Permanent residency for ARS$2,000?

CarverFan said:
Also, what category of residency could they possibly obtain for him?

Permanent residency is a separate category of visa, and to get it you either have to have had temporay residency for three years or have a Argentine family relationship (be the child of or parent of an Argentine citizen or married to an Argentine citizen or permanent resident). Permanent residency based on the family relationshp requires documentation as well (birth certificates, marriage lisences, passports and DNIs).

If this company can get someone permanent residency for $2000 pesos and all they have to provide is a criminal report, their passport, and birth certificate they should have dozens of expat clients per week. In fact they should have more clients than migraciones.

Don't they also want photos for the DNI?

Does their service include providing the DNI which is now automatically issued as part of the visa process? Will it be mailed to the customer's home? And what about the certificado de domicilio which provides the address where the DNI is sent? That was not included in the list of required documents. I know that gestors can picked up DNIs for their clients.

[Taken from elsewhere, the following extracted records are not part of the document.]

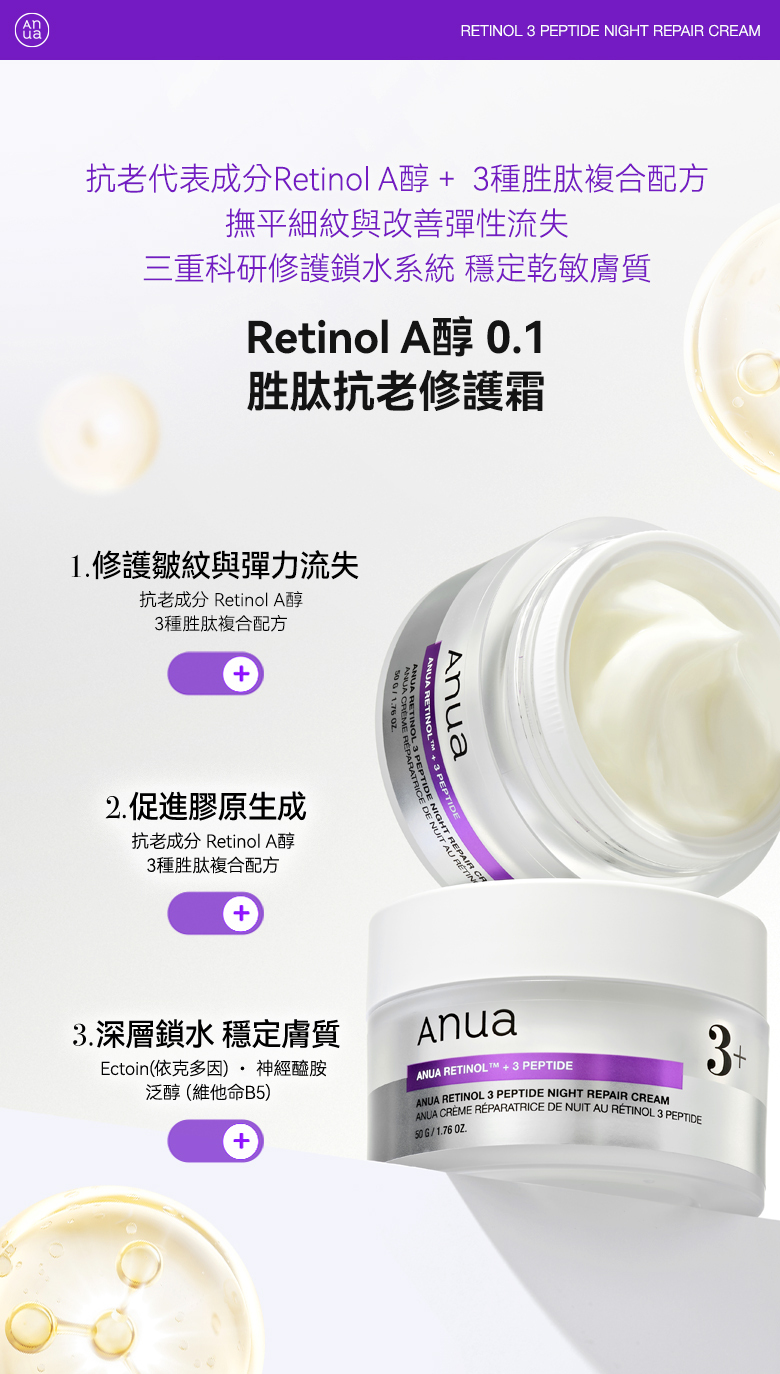 🔮 Retinol A醇 x 3種胜肽複合配方 x Ectoin
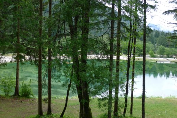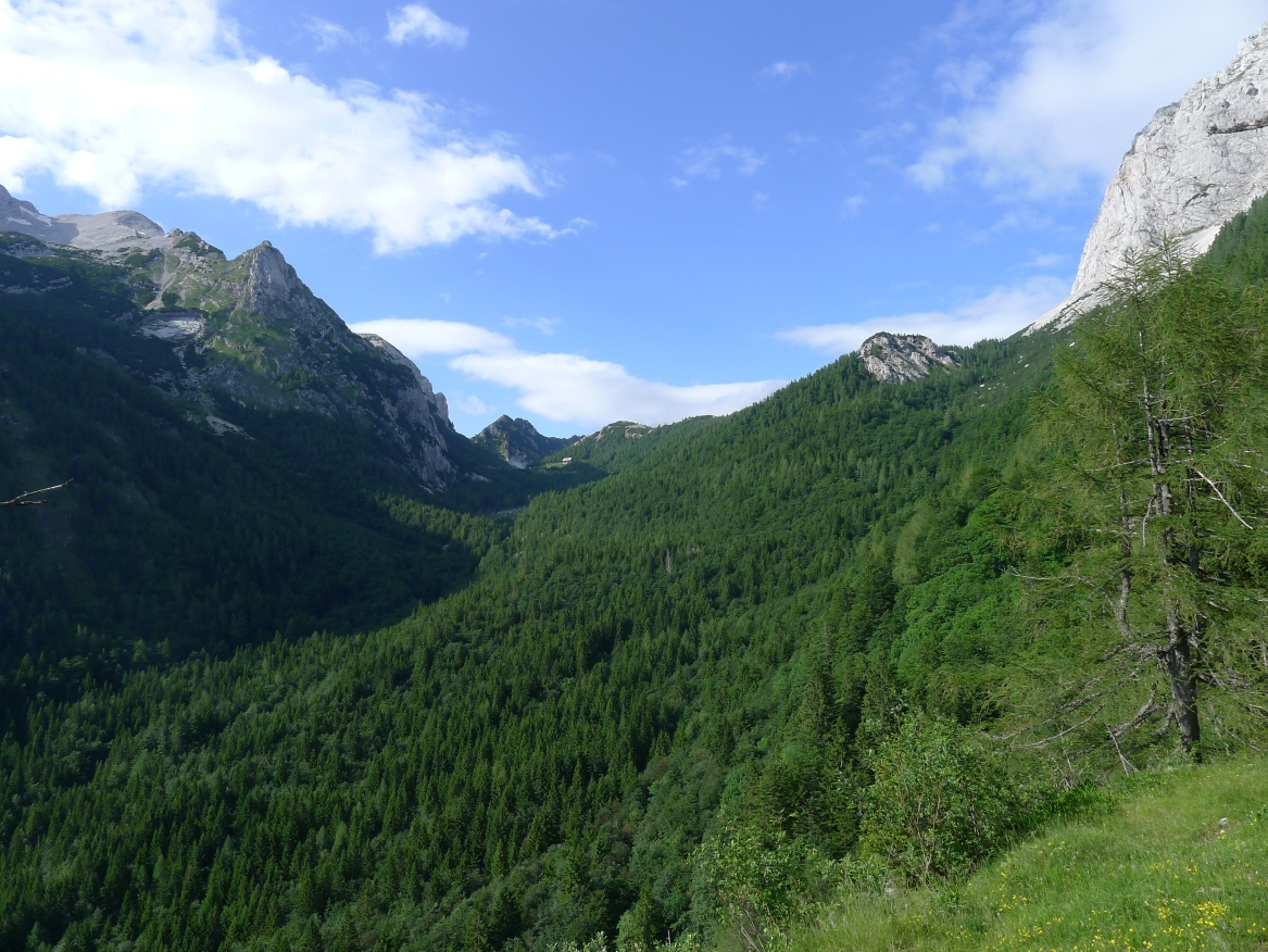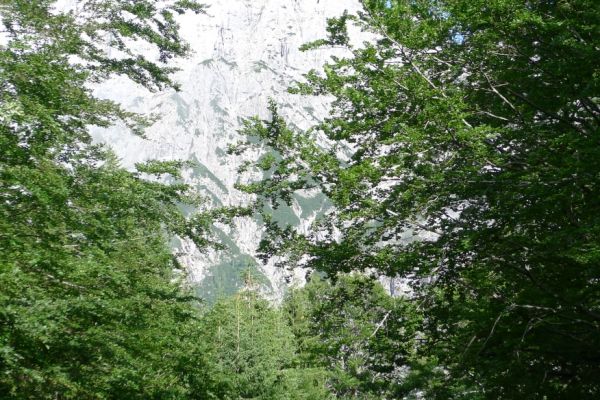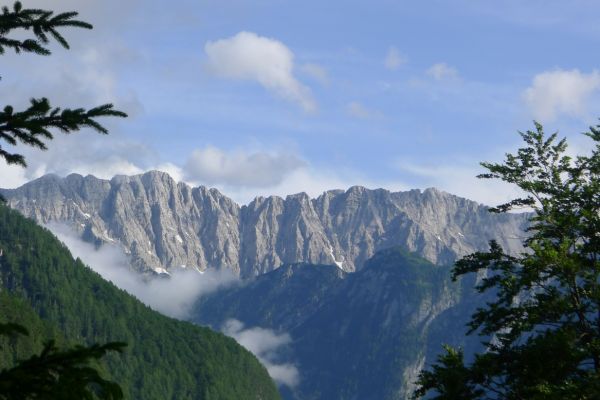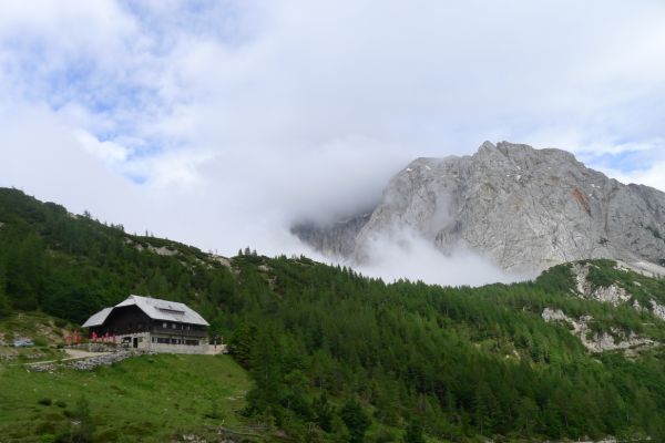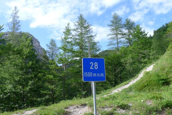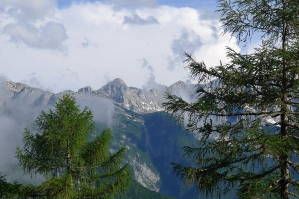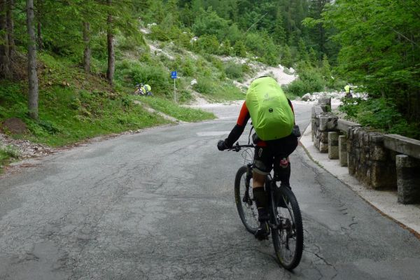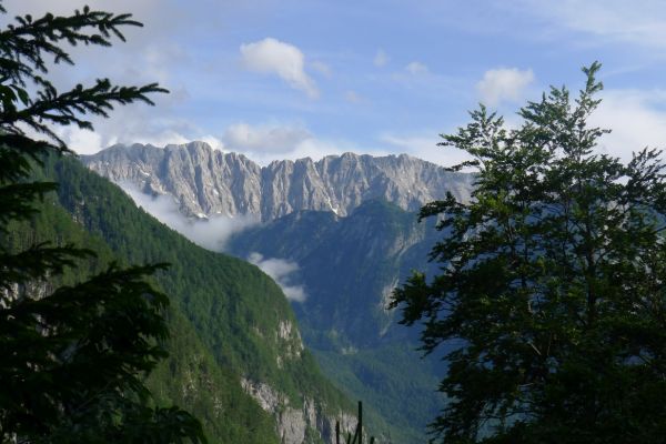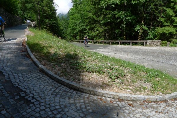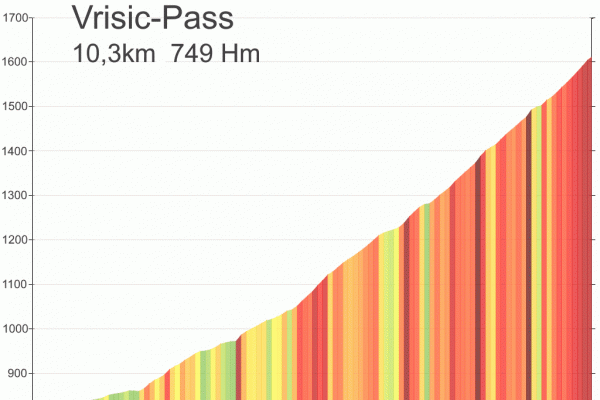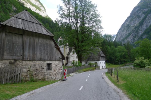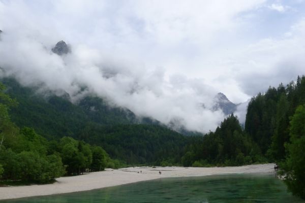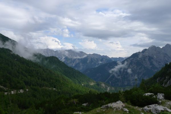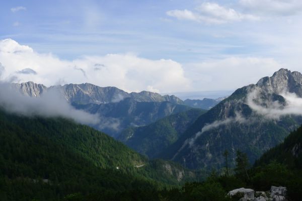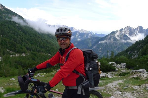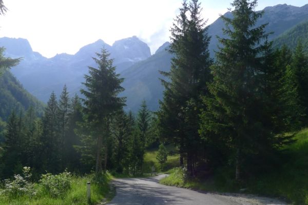 14:50 Uhr: der Regen hat tatsächlich aufgehöhrt und wir bepacken wieder die Räder. 45 km und mit dem Vršič -Paß (1611m) das Dach der diesjährigen Tour haben wir noch vor uns. Petrus meint es gut, auf den ersten Kilometern nach Kranjska Gora reißt der Himmel auf, der Jazna See glitzert grün in der Sonne und der Blick auf die Gipfel des Triglav Nationalparks wird frei. Wir sind am Einstieg zum Vršič Pass, dem höchsten asphaltierten Gebirgspaß Sloweniens. Auf 10km schraubt sich die Straße, die in den Jahren 1914 bis 1916 als Militärstraße von russischen Gefangenen ins Isonzo-Tal gebaut wurde, über 24 Serpentinen 750 Höhenmeter nach oben.
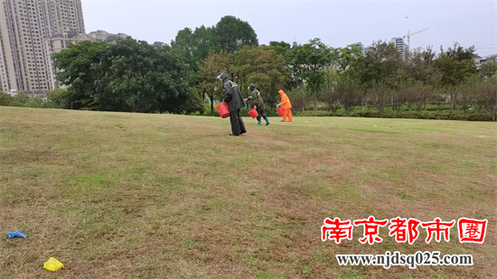 句容市城管局开展冷季型草复播工作
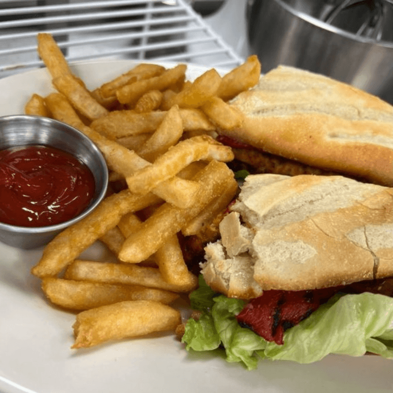 Chicken milanese on a kaiser roll, topped with roasted peppers, lettuce, tomatoes, and mayonnaise. Served with fries
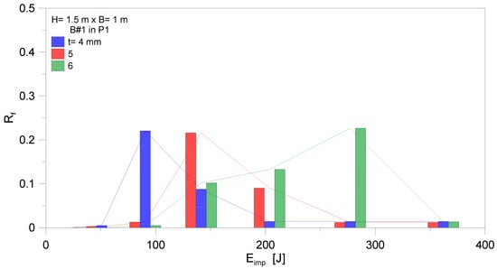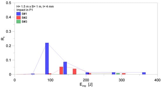 In this context, a first set of non-linear dynamic simulations and damage severity estimated was parametrically carried out. Figure 20c presents the expected Rf damage amount for the same steel–glass system under B#1 impactor (target point at the center of panel). Input values of histogram chart were numerically derived based on Equation (6). The maximum impact energy for the parametric configurations in Figure 20c was set in a top value of 400 J, due to realistic mass and velocity input values for the examined scenarios. In this sense, higher impact energies for the same B#1 mass would necessarily require an impact speed which is out of ranges for conventional values as in Table 1. It can be seen that the calculated Rf parameter progressively increases from zero when the impact energy is in the range of ≈141 J (with Rf = 0.09, no cracks).
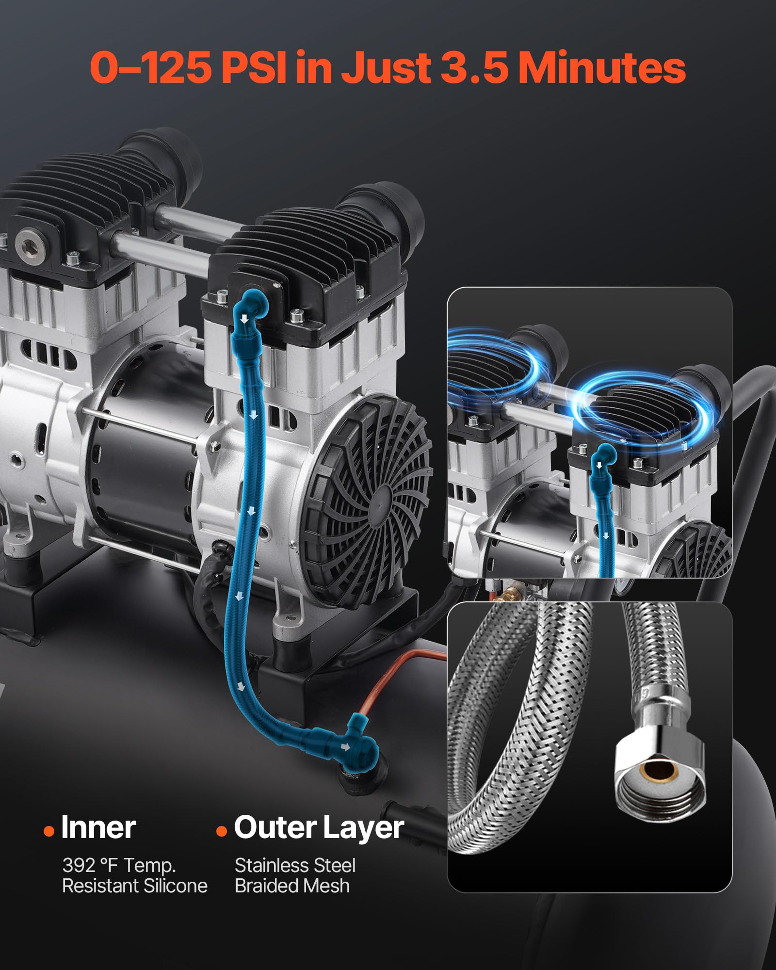- Fast and Efficient Inflation: Our oil-free air compressor adopts double tube and double cylinder intake at the same time, effectively saving time and effort. The intake pipe is made of 392 ℉ high-temperature resistant silicone and stainless steel braided mesh, with double protection to reduce damage and corrosion.
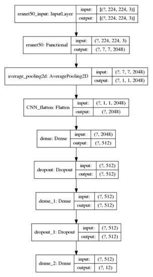 Schematic presentation of the top layers and modifications as applied to the ResNet–50 CNN. Since the actual input for training depends on the batch size, (?) represents this batch size. In the current manuscript the batch size used for training, validation and testing was 32.
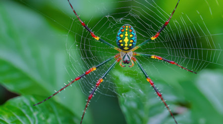 A stunning close-up of a colorful spider on its intricate web, set against lush green leaves, showcasing vivid colors and detailed patterns in nature's beauty.
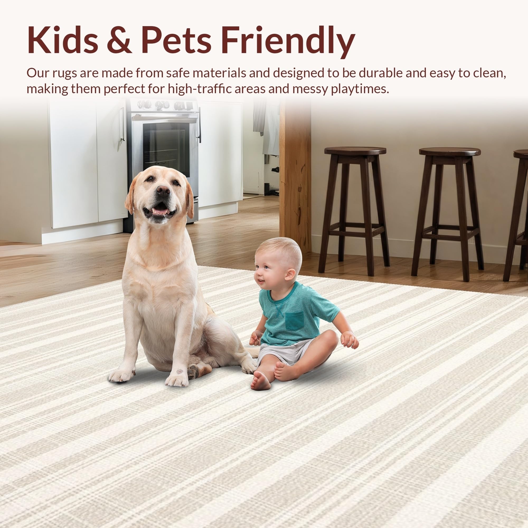 Ultra Soft Area Rug, Non Slip, Stain Resistant, Washable Area Rugs for Living Room, Bedroom, Elegant Almond Tiled Arrangement(Beige) Overview:
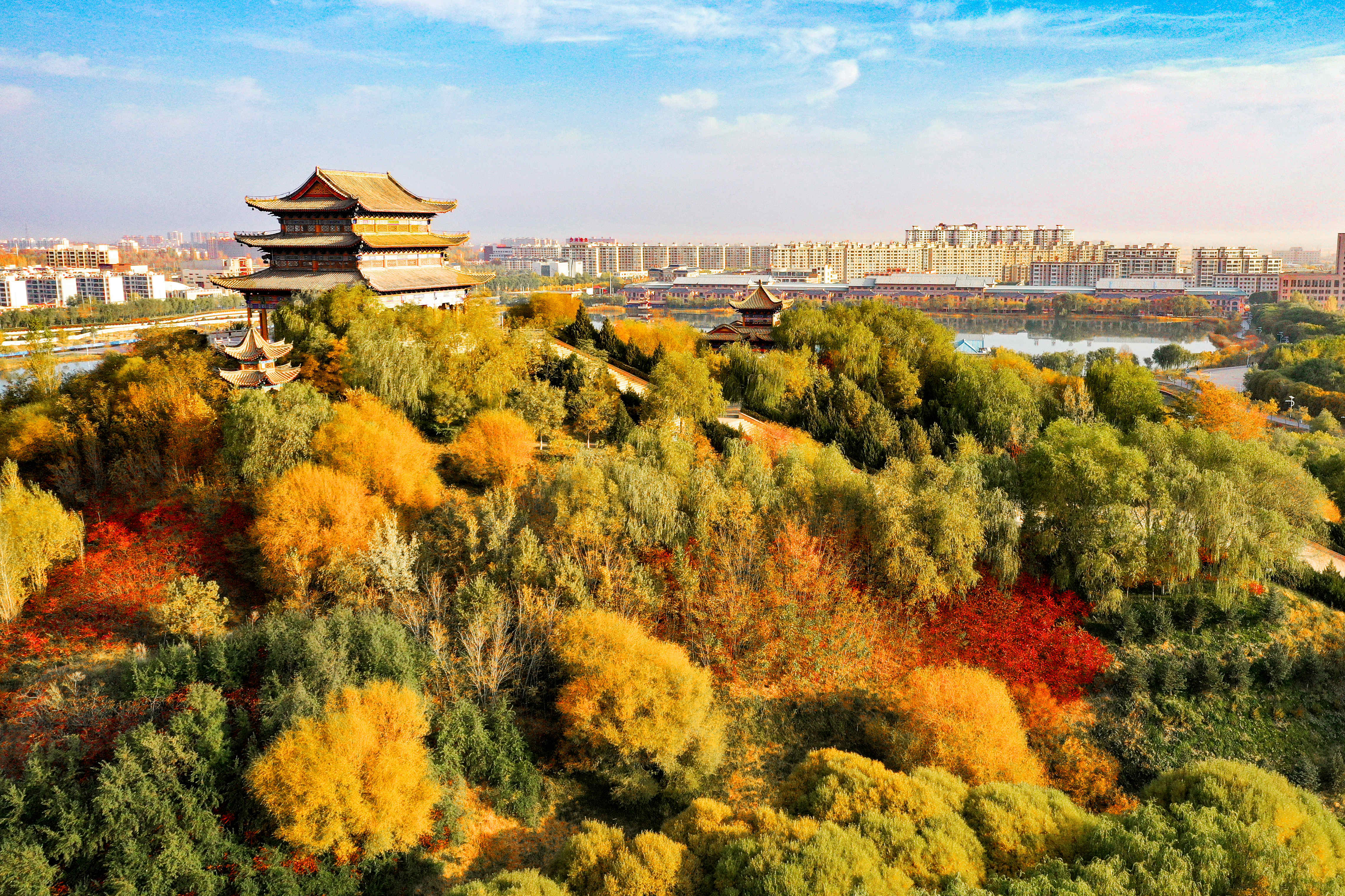 深秋时节,甘肃张掖临泽县流沙河景区层林尽染,秋韵正浓。处处或黄或红或绿,为景区披上五彩外衣,构成一幅绝美秋色图。(张希清)

If this is included for $2000 pesos it is a really great deal...and hard to believe anyone would do everything necessary to get someone a visa and (possibly) a DNI without an advance deposit.

I also wonder how this could be "legal" and how could $2000 pesos be enough "incentive" for those invloved to create a file at migraciones, get the visa approved and entered into the system, and the DNI issued.
 
Even if this all is fake, 2000 pesos would not be worth the work to fake all this. I would say that if it is too good to be true, it probably is.

I am trying to add up all the cost I paid over the years to get my permanent residency...the last step involved a gov. fee of about 800 pesos alone, not counting all the other little fees from the three years process, there is no way this is legit. Just throw your money in the street. Same end result.
 
I paid a little more than that to my lawyer to get my permanent DNI, starting almost three years ago (I know the price has gone up quite a bit since then, and many lawyers back then charged as much as three times what I paid). Half on completion of temporary residency, other half on delivery of DNI. It just so happened that my process took so long (due to my issues, not my lawyer's) that I received a permanent resident visa as my first DNI. Heh.

In my opinion, it's not necessarily a bad thing you're friend is looking at.

Steve is right though - they can't do everything for your friend. He'll have to go get his fingerprints. He has to be there the day he applies. Other times here and there if there are issues to deal with. But everything else my lawyer handled for me - he did ALL the legwork for me, including getting my FBI report (I got the fingerprints but he did the rest, including paying for it and then charged me as an extra fee, all agreed up front) and reviewing all of the documents, telling me where we needed to make adjustments, taking them to his contacts in immigrations and ensuring there were no snafus, etc. He was always dependent on following the process up and making sure that things were moving along. He even ended up picking up my DNI from the distribution center, even though you're supposed to have to do that in person.

Steve and I have a difference of opinion on whether or not to use a lawyer but he had a much easier time of it than I did. It was worth the money to me to be able to work and concentrate on my daily life than worry about all that.

If they tell your friend they can do all those other things that we all know he's going to have to do personally, watch out and try to see where the scam is.

The rentista visa - I don't know that it's true they don't do checks to verify things. I have a friend who is getting a rentista visa through a company he owns in Panama. He had to have accounting reports (which he got himself through his accountant in Panama and passed on to the lawyer) showing that the company is a going concern and has money to pay the monthly requirement. In order to qualify the money for the rentista visa, it basically had to come from an investment - he was a part owner of the company and the money that would qualify were dividends paid by the company to him as a shareholder. Immigrations here DID follow up on his stuff, including rejecting his first application and making him make a second that hasn't been ruled on yet.

There are various "gray" means to meet the qualifications of a rentista visa and I don't know - maybe this company your asking about provides something like that?

If there is a problem with whatever process they use, I doubt you would go to jail, but you may not be able to apply for any other residency as a result and may even be shown the door - I don't know.

As far as using some sort of facilitator who has contacts in immigrations and can get the job done with as little headache for you as can be managed (there will be some, it is completely unavoidable to at least some extent) for $400 US (I'd pay him dollars at a 5-1 exchange rate if you can work it out with him), I'd try it, particularly if you don't have to pay anything up front.

BTW - do be prepared to pay all the fees that you have to pay for application of residency, application for DNI, various fees here and there, etc, that have all been discussed before. I doubt very much the price includes these items.
 
garygrunson said:
I am trying to add up all the cost I paid over the years to get my permanent residency...the last step involved a gov. fee of about 800 pesos alone, not counting all the other little fees from the three years process...

I doubt the fee the company is asking for includes the fees he has to pay personally. They may not have stated it, but they're not going to pay those fees for him. It's not very uncommon for them not to mention that, but he'd find out when they came to him and asked him for the fees for getting started. Nothing up front means nothing of their $2000 pesos up front I'm sure.